Tool: `npm run arc:phase2:baselines` (`scripts/arc-phase2-baselines.mjs`).

Artifacts:

- `results/arc/phase2-baselines/manifest.json`
  (`sha256=4968d6f6958c8d40643d09161407252b664665801fcba3a399780ed7509623e0`)
- `results/arc/phase2-baselines/summary.csv`
  (`sha256=14977f7f35ab3e5da40c4603bc0771ab626909c003f89e82f6210ac5b068f165`)

Comparison table:

| representation | mean_collision_residual | mean_train_pair_residual | global_unique_features |
| --- | ---: | ---: | ---: |
| `shadow_operator_v0` (reference) | `0.028571` | `0.594295` | `260 / 266` |
| `raw_pixel_hash` | `0.000000` | `0.278825` | `266 / 266` |
| `shape_palette_density` | `0.338672` | `0.102588` | `162 / 266` |
| `cell_count` | `0.297226` | `0.070576` | `93 / 266` |

(Shadow operator's global-unique figure `260 / 266` was measured by hand
from `results/arc/phase2-projections/grid-projections.json`; it is omitted
from `summary.csv` because the reference row sources from the projection
manifest, which does not pre-compute it.)

Interpretation:

1. **Within-task collision (`mean_collision_residual`).** The shadow
   operator (`0.029`) sits between the byte-unique floor (`raw_pixel_hash =
   0.000`) and the coarse aggregates (`shape_palette_density = 0.339`,
   `cell_count = 0.297`). It collapses 6 of 266 grids that byte-hashing
   treats as distinct -- those 6 are gauge-equivalent grids inside training
   tasks that the operator correctly identifies, which is exactly the
   intended discrimination behavior. The coarse baselines collapse roughly
   30 percent of grids; the operator does not.

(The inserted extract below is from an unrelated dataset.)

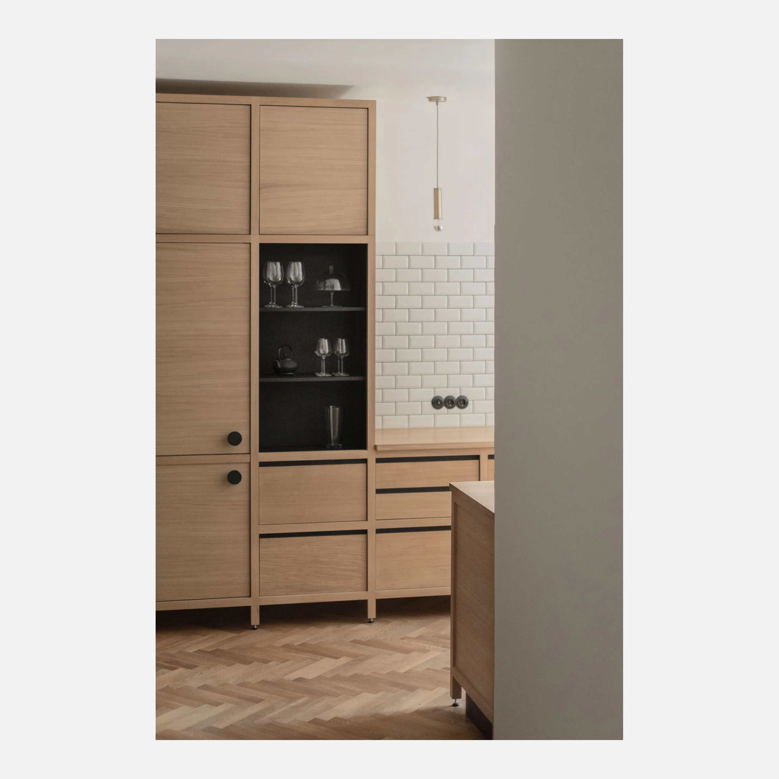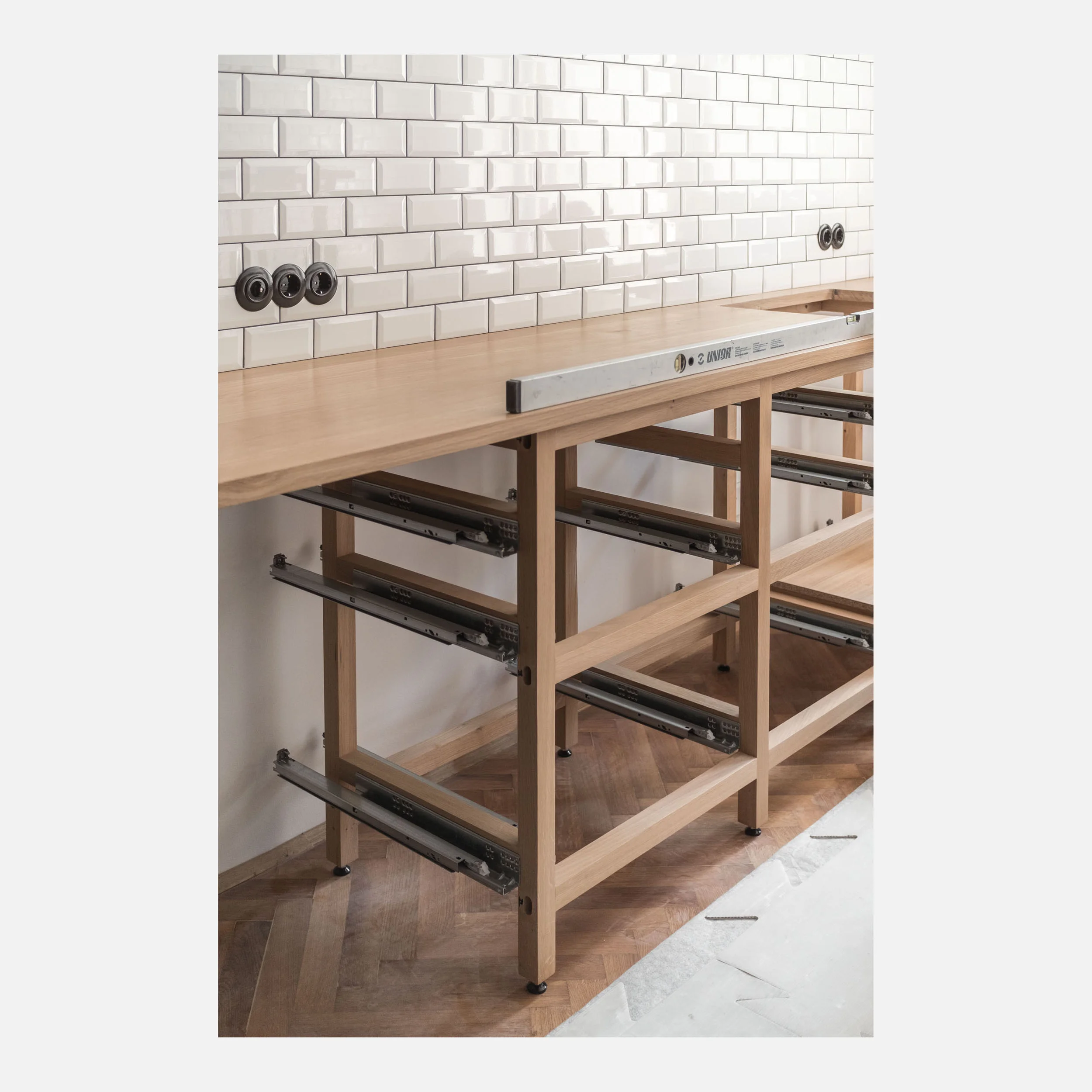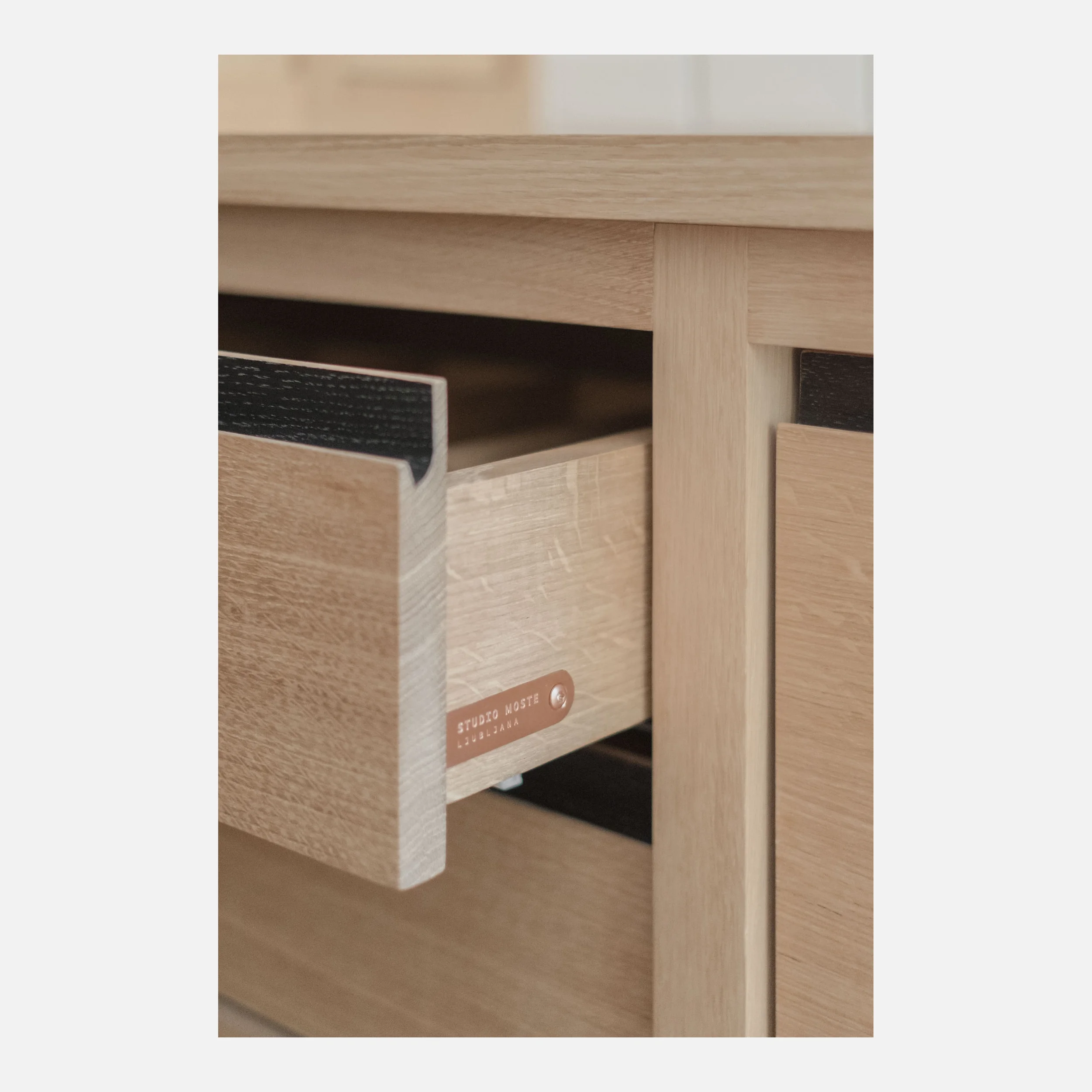 Od prve izdelane kuhinje, ki se je izkazala za uspešno - in do danes opravlja svojo funkcijo enako dobro kot prvi dan, sva skozi naslednje projekte razvijala konstrukcijski sistem in njegove detajle, optimizirala izdelavo in dodala vrsto elementov ter detajlov, ki gradijo oblikovni jezik kuhinj Studia Moste.

2. **Train-pair distance (`mean_train_pair_residual`).** The shadow
   operator (`0.594`) is **higher than every baseline tested**: roughly
   2.1x raw-pixel Hamming (`0.279`), 5.8x shape-palette-density (`0.103`),
   and 8.4x cell-count (`0.071`). The Codex receipt's "many input-output
   demonstrations are geometrically far apart under the current projection"
   framing under-stated this: under no naive baseline are input and output
   as far apart as under the shadow operator's token-set distance.

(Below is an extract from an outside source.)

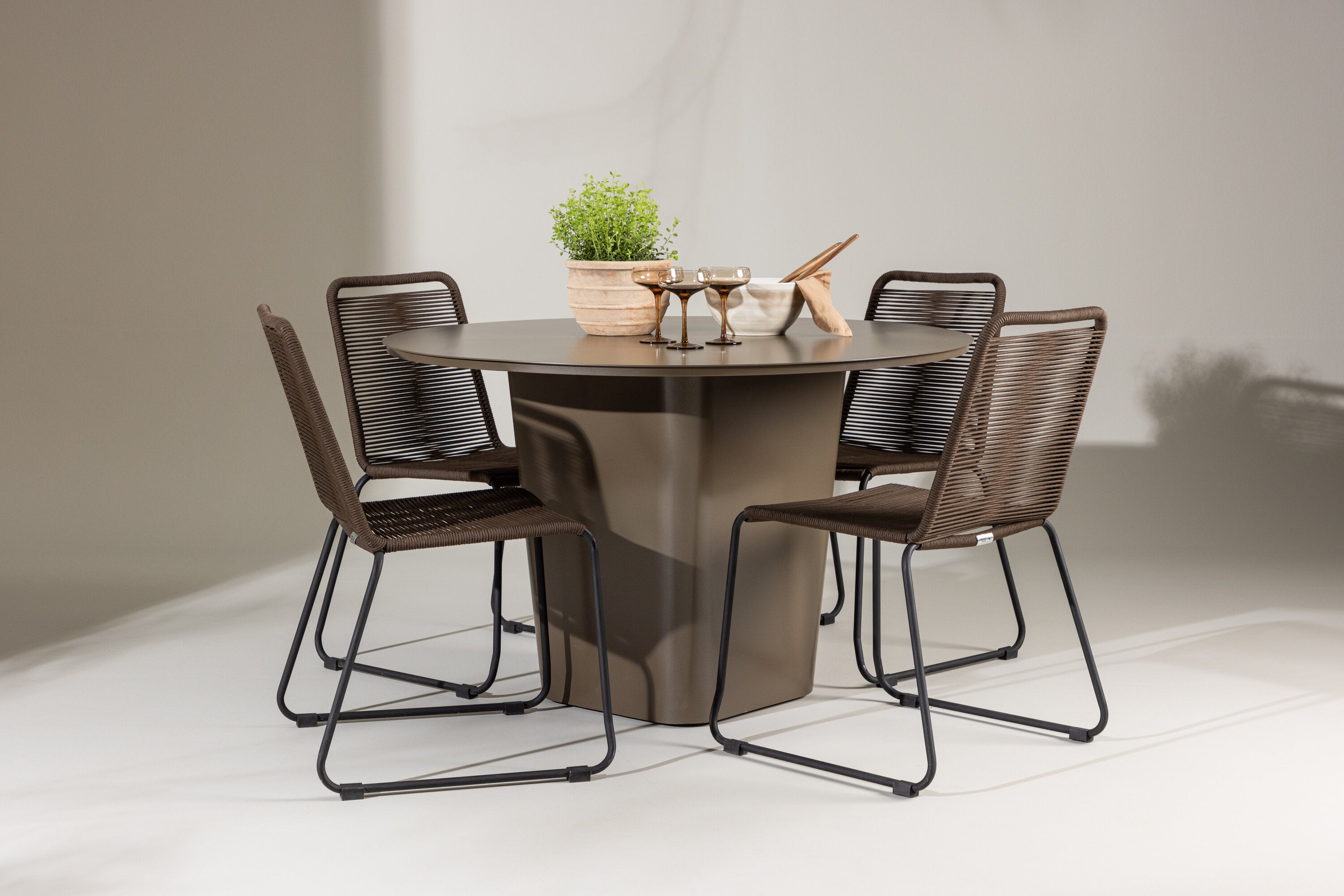 Stůl Santa Fe se svým působivým designem a praktickými funkcemi slouží jako středobod tohoto jídelního setu. Vyrobeno z hnědého hliníkového materiálu, kombinuje odolnost s lehkou konstrukcí a snadnou údržbou. S průměrem 120 cm nabízí dostatek prostoru pro rodinnou večeři nebo pohodové posezení s přáteli venku.

3. **What this means for Phase 3.** The high pair distance is consistent
   with the operator's token-level representation correctly registering
   that ARC transformations are substantive changes -- the cruder baselines
   under-detect change because they aggregate away position and role
   information. But it also means the operator does **not** by itself bring
   train inputs and outputs into a representation where the rule is a small
   delta. Phase 3 sufficiency cannot rely on "input-sig is close to
   output-sig, just learn a small map"; it must prove the input-sig ->
   output-sig mapping is learnable from the few train pairs **despite** the
   high signature-space distance, plausibly using the raw `palette`
   metadata Phase 1 already flagged as carried forward.

4. **Roadmap gap remaining.** "Simple convolution features" (per
   `SUNDOG_V_ARC.md` Phase 2 deliverable) is not in this comparison; the
   three baselines here cover raw-pixel and simple-aggregate features. A
   patch-histogram convolution baseline can be added as a Phase 2.5
   amendment if Phase 3 design needs it; the current comparison is enough
   to calibrate the shadow operator's numbers and frame Phase 3 honestly.

Verdict impact: **PASS sustained**. The Phase 3 admission recorded by
Codex stands. The baseline comparison strengthens the receipt by making
the sufficiency challenge concrete: shadow-operator alignment residuals
are larger than naive baselines, so Phase 3 must explicitly handle the
input-to-output transformation in signature space, not assume the
projection itself shortens the gap.